How Our Framework Addresses Each Level

  • L1 (Fake Citations): We direct models to use aggregators over SEC EDGAR (aggregators are indexed better). Perplexity provides real-time citations.
  • L2 (Wrong Numbers): We mandate cross-source reconciliation in Stage 0. If numbers don't match, flagged.
  • L3 (Missing Context): We have specific checks for client funds, lease liabilities, SBC, and other commonly omitted items built into the prompt.
  • L4 (Reasoning Errors): The Treadmill Test, NCI check, and other mandatory calculations force explicit math. Harder for models to hide bad logic.
  • L5 (Structural Errors): Honestly? We can't reliably catch these either. We mark what we've manually checked vs. LLM-only, but structural understanding requires ongoing learning — not a checklist.

The Uncomfortable Truth

We can catch L1-L3 reliably with our current framework. L4 we catch most of the time with mandatory calculations. L5 is where we have to be honest: we can only catch structural errors in domains we understand.
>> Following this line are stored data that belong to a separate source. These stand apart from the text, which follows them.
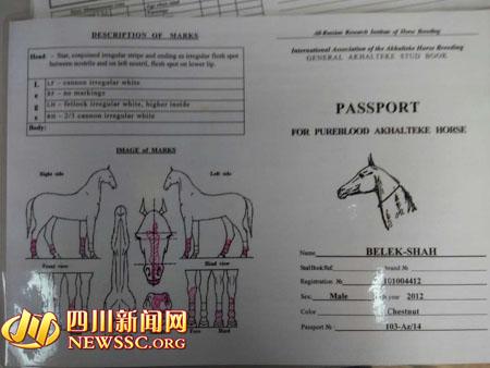 该负责人介绍,从去年6月开始,布莱克·山、古乐、库什德·尼塔莎就开始为来成都生活而奔波、忙碌,“由于土库曼斯坦与我们没有直接的贸易往来,布莱克·山、古乐、库什德·尼塔莎的移民之路,经历了不少的周折。”该负责人介绍,去年6月,它们在经过1-3个月的检疫检验后,从土库曼斯坦乘飞机抵达俄罗斯,然后在俄罗斯又经过1-3个月的检验检疫后,才飞抵北京,最后才来到成都定居,“前后花了差不多七个月的时间。而且它们拥有的是俄罗斯护照,是目前西南地区仅有的、持国际护照的、血统纯正的汗血马。”
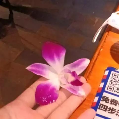 唇瓣淡黄色或白色,带橘红色的唇盘,长约2.5厘米,3裂;侧裂片围抱蕊柱,近倒卵形,前端边缘稍波状;中裂片近圆形或宽椭圆形,先端锐尖,边缘波状;唇盘沿脉纹疏生粗短的流苏;蕊柱长约6毫米;药帽短圆锥形,前端边缘密生短髯毛。花期4-5月。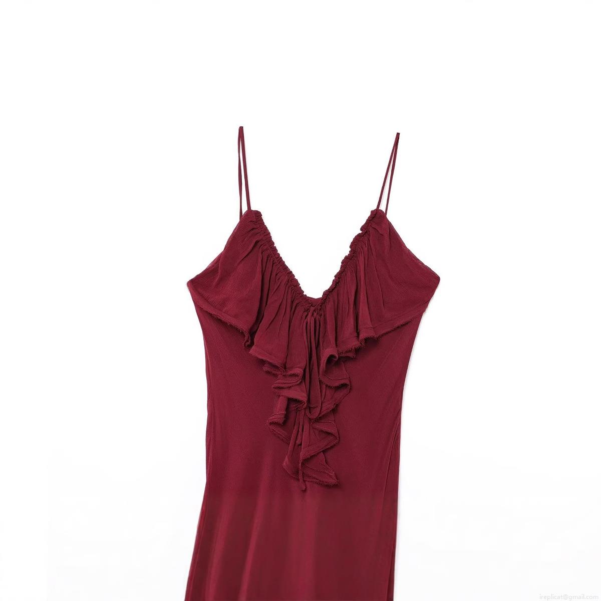 Elegant Wine Red Chiffon V-Neck Maxi Dress For Women Sexy Spaghetti Strap Ruffle Trim Pleated Evening Party Wedding Guest Long Dress
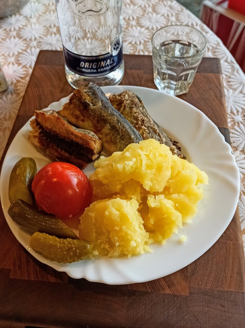 Выглядит очень аппетитно.Домашняя картошечка, домашние соленья и наважка...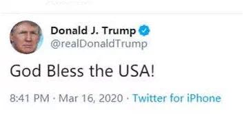 3月16日晚,特朗普在盘前发布了一条推特:愿上帝保佑美国!不过,这条推特并没有阻止美股暴跌,50分钟后,美股再次熔断。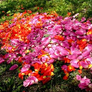 チューリップの花びらの じゅうたんです。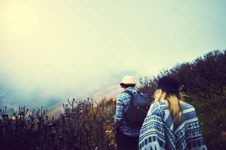 Brave woman guiding traveler into the fog in the mountains. Follow me. Woman holding man by hand and going in mountains.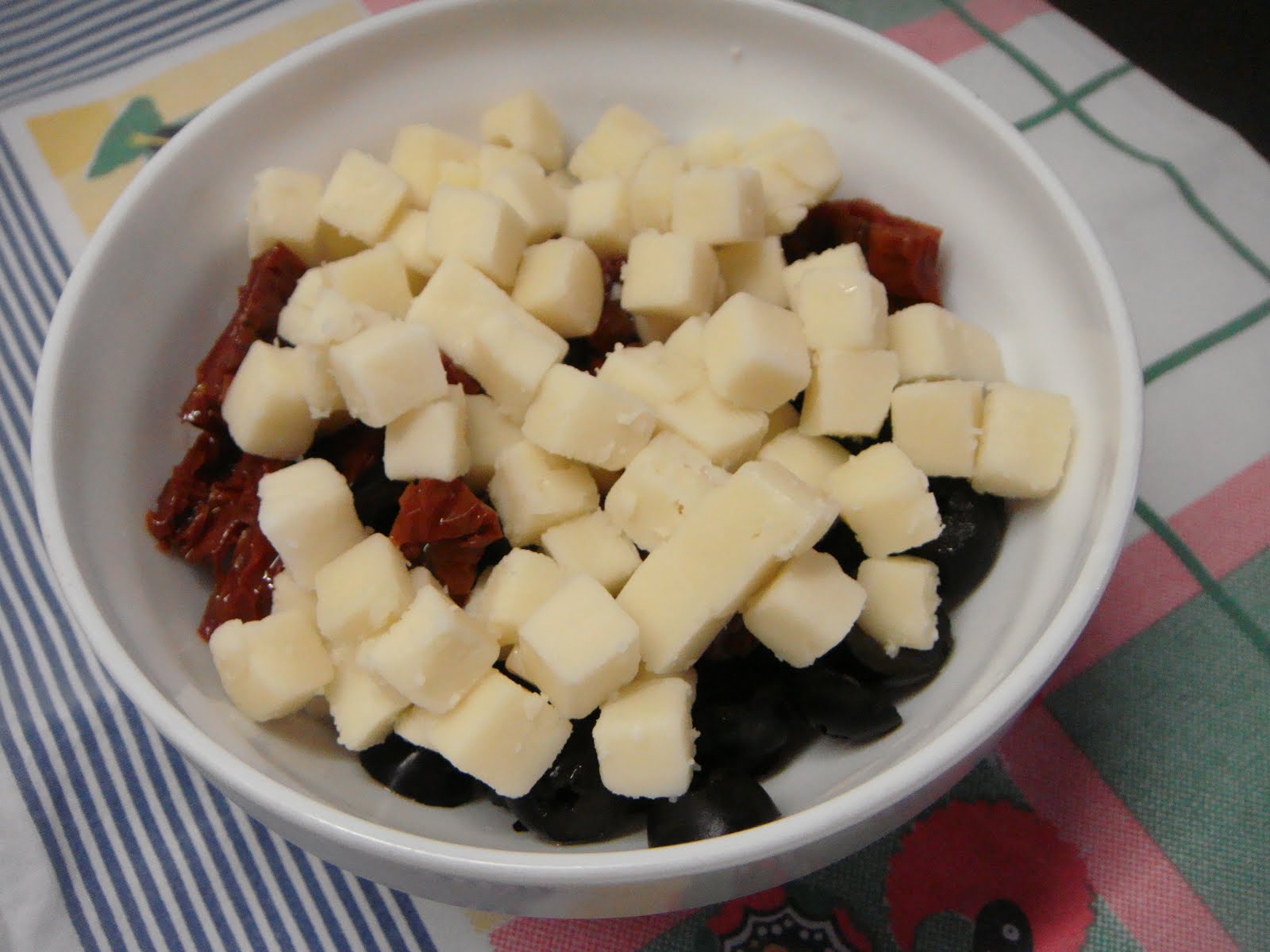 El pan levou 500 g de farinha para pão rústico, 330 ml de água, de acordo com as instruções da embalagem, meio frasco de azeitonas pretas às rodelas, 1 mão cheia de cubos de queijo e meia dúzia de tomates secos cortados às tiras, estes três ingredientes colocados depois de soar o apito – há que respeitar o apito!
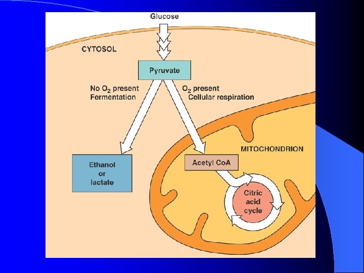 l When oxygen is present, the mitochondria will undergo aerobic respiration which leads to the Krebs cycle. l However, if oxygen is not present, fermentation of the pyruvate molecule will occur. l In the presence of oxygen, when acetyl-Co. A is produced, the molecule then enters the citric acid cycle (Krebs cycle)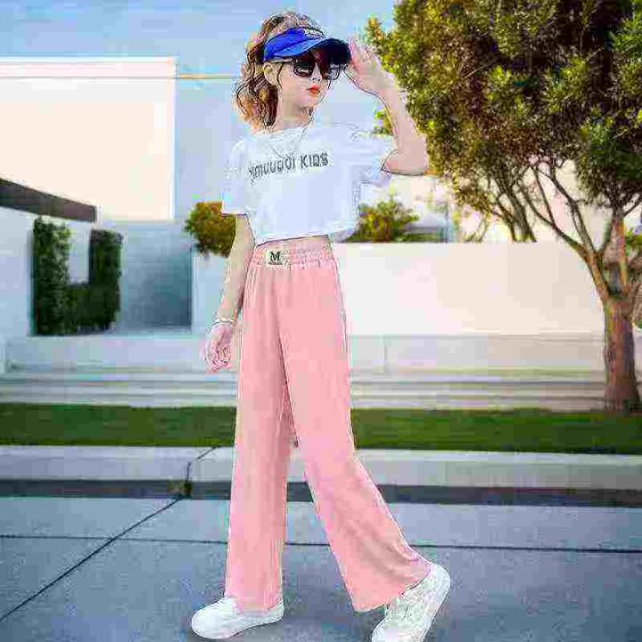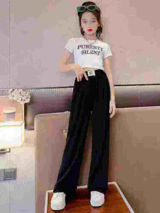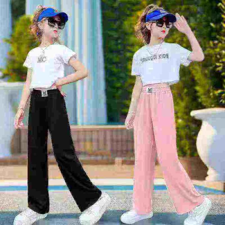 女中大童松紧腰有口袋垂感阔腿冰丝裤,750件,2-7码,...
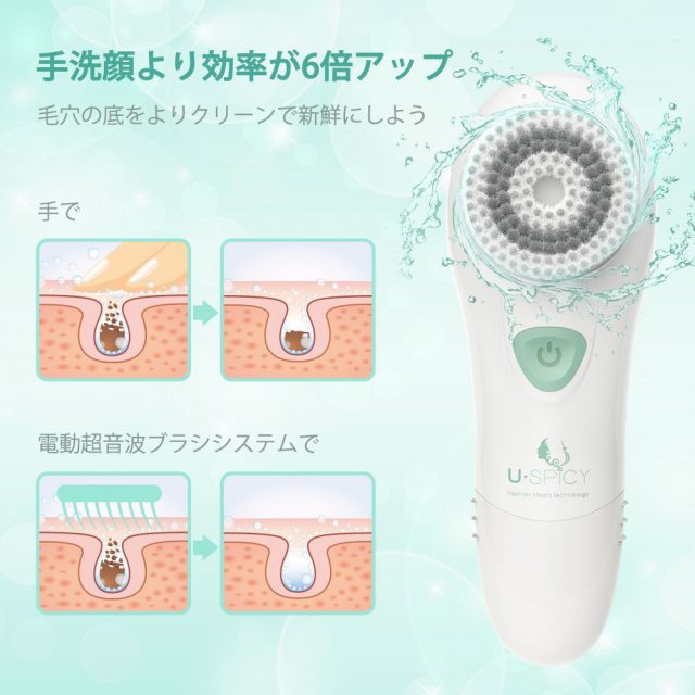 (株)ニアバイダイレクトジャパンより、お風呂で使える電動洗顔ブラシ『USpicy US-FS015JP』が、2599円(税込)にて販売中です。ブラシが回転するのではなく、超音波で振動することでお肌への負担を最小に軽減したモデルです。
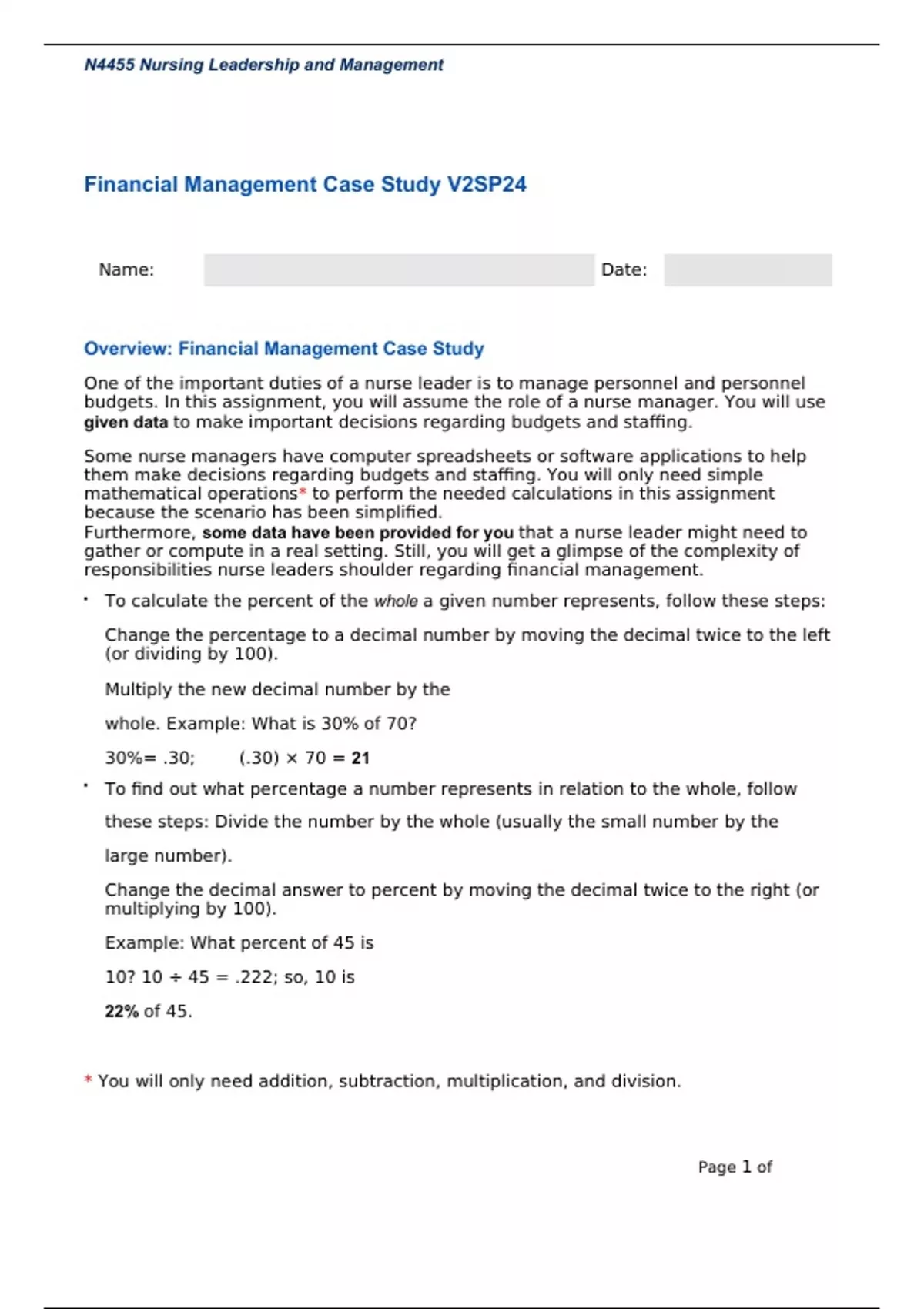 Overview: Financial Management Case Study One of the important duties of a nurse leader is to manage personnel and personnel budgets. In this assignment, you will assume the role of a nurse manager. You will use given data to make important decisions regarding budgets and staffing. Some nurse managers have computer spreadsheets or software applications to help them make decisions regarding budgets and staffing. You will only need simple mathematical operations* to perform the needed calculations in this assignment because the scenario has been simplified. Furthermore, some data have been provided for you that a nurse leader might need to gather or compute in a real setting. Still, you will get a glimpse of the complexity of responsibilities nurse leaders shoulder regarding financial management. • To calculate the percent of the whole a given number represents, follow these steps: Change the percentage to a decimal number by moving the decimal twice to the left (or dividing by 100). Multiply the new decimal number by the whole. Example: What is 30% of 70? 30%= .30; (.30) × 70 = 21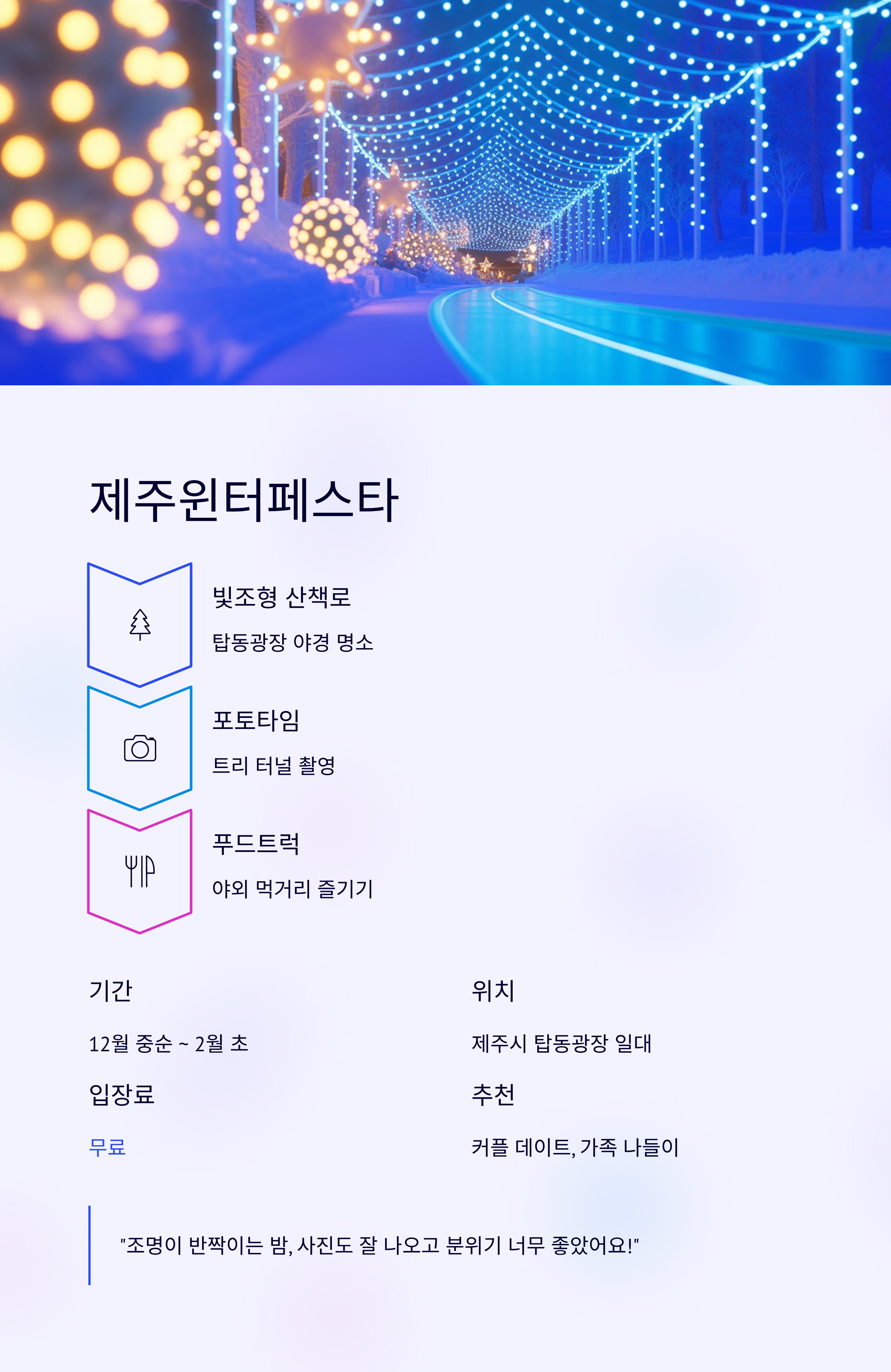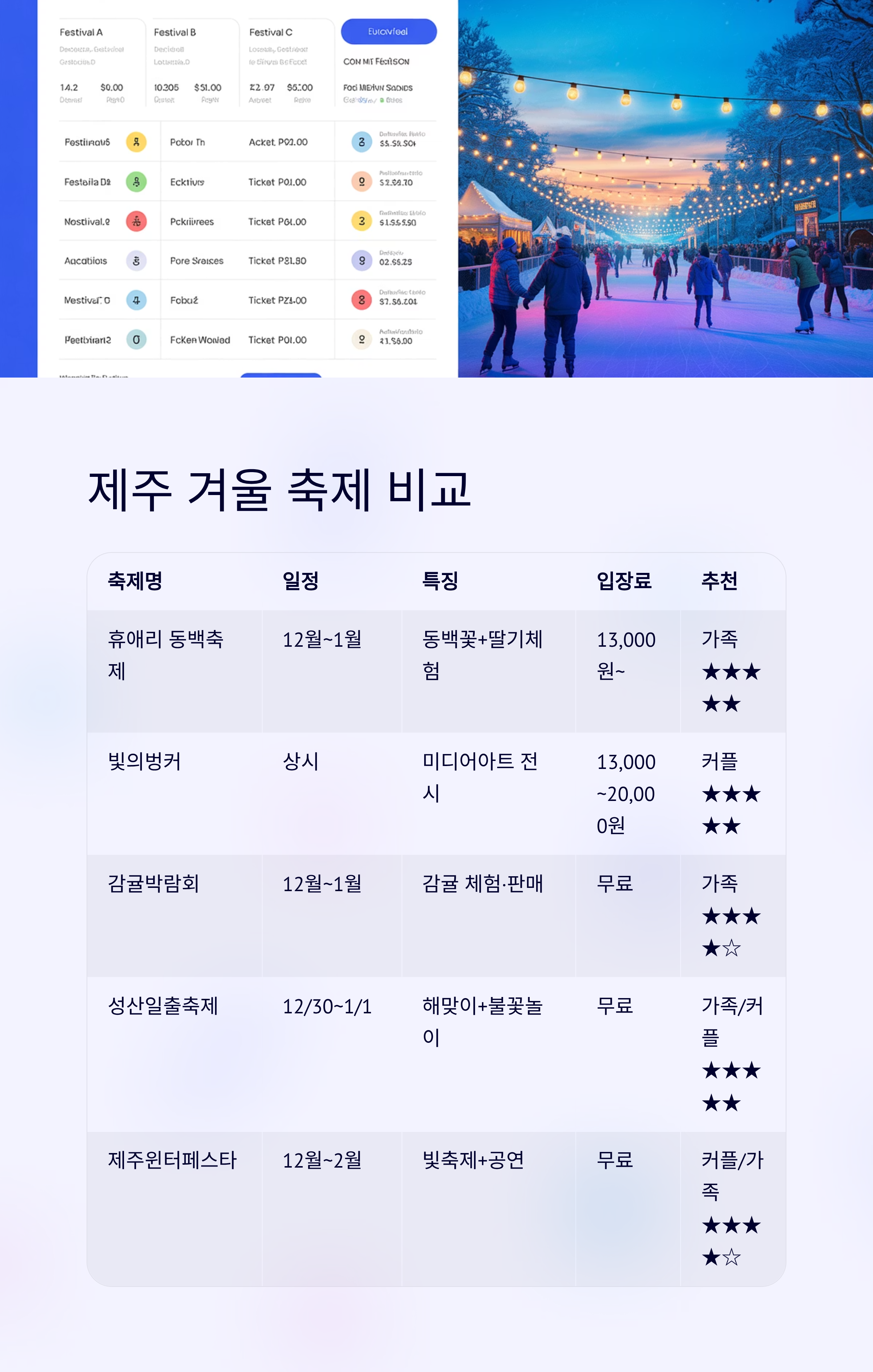 휴애리 동백축제 12월 초 ~ 1월 말 동백꽃+딸기 체험 13,000원~ 가족 ★★★★★ 빛의벙커 전시 상시 (2025~2026 시즌) 미디어아트 실내 전시 13,000~20,000원 커플 ★★★★★ 감귤박람회 12월 중순 ~ 1월 초 감귤 체험, 시식, 판매 무료 (체험 유료) 가족 ★★★★☆ 성산일출축제 12월 30일 ~ 1월 1일 해맞이+불꽃놀이 행사 무료 가족/커플 ★★★★★ 제주윈터페스타 12월 ~ 2월 초 빛축제+푸드트럭+공연 무료 커플/가족 ★★★★☆

If an LLM makes a structural error about oil drilling physics, we might miss it. If it makes a structural error about tech sector business models, we're more likely to catch it.

This is why we include a "What We Checked" section in every analysis. We want readers to know exactly what has been manually verified vs. what's still LLM-only — so you can decide what additional verification you need to do.

The Meta-Lesson
The higher the level of hallucination, the more you need to do your own thinking. No prompt engineering, multi-model validation, or "expert review" fully replaces your own informed judgment. That's why we show our work — so you can evaluate the reasoning yourself.

Acknowledgment: This taxonomy is based on errors we've actually encountered. As we see new failure modes, we'll update both this post and our verification framework.